### What you will do:
Hand back every line from the beginning of the data below through the line containing "These gorgeous dark", word for word and free of pictures.

### Information shown:
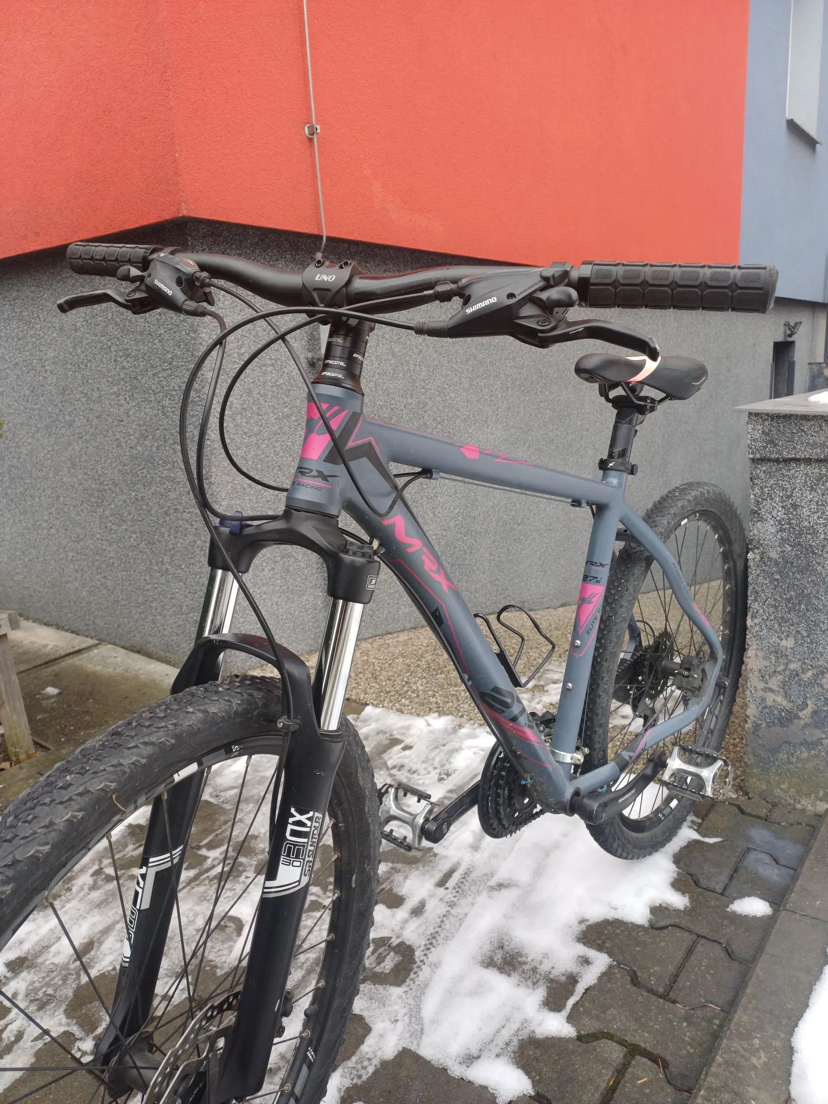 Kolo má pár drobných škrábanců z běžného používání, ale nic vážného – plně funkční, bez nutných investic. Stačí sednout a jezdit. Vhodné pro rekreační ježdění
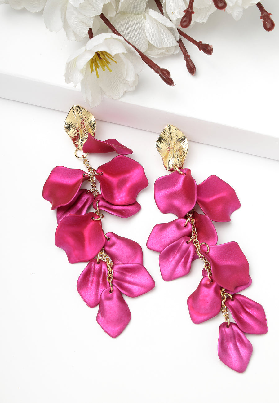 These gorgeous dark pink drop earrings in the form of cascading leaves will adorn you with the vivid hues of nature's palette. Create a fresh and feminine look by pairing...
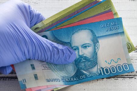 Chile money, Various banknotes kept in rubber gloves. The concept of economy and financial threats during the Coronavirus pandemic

### Reply:
 Kolo má pár drobných škrábanců z běžného používání, ale nic vážného – plně funkční, bez nutných investic. Stačí sednout a jezdit. Vhodné pro rekreační ježdění
 These gorgeous dark pink drop earrings in the form of cascading leaves will adorn you with the vivid hues of nature's palette. Create a fresh and feminine look by pairing...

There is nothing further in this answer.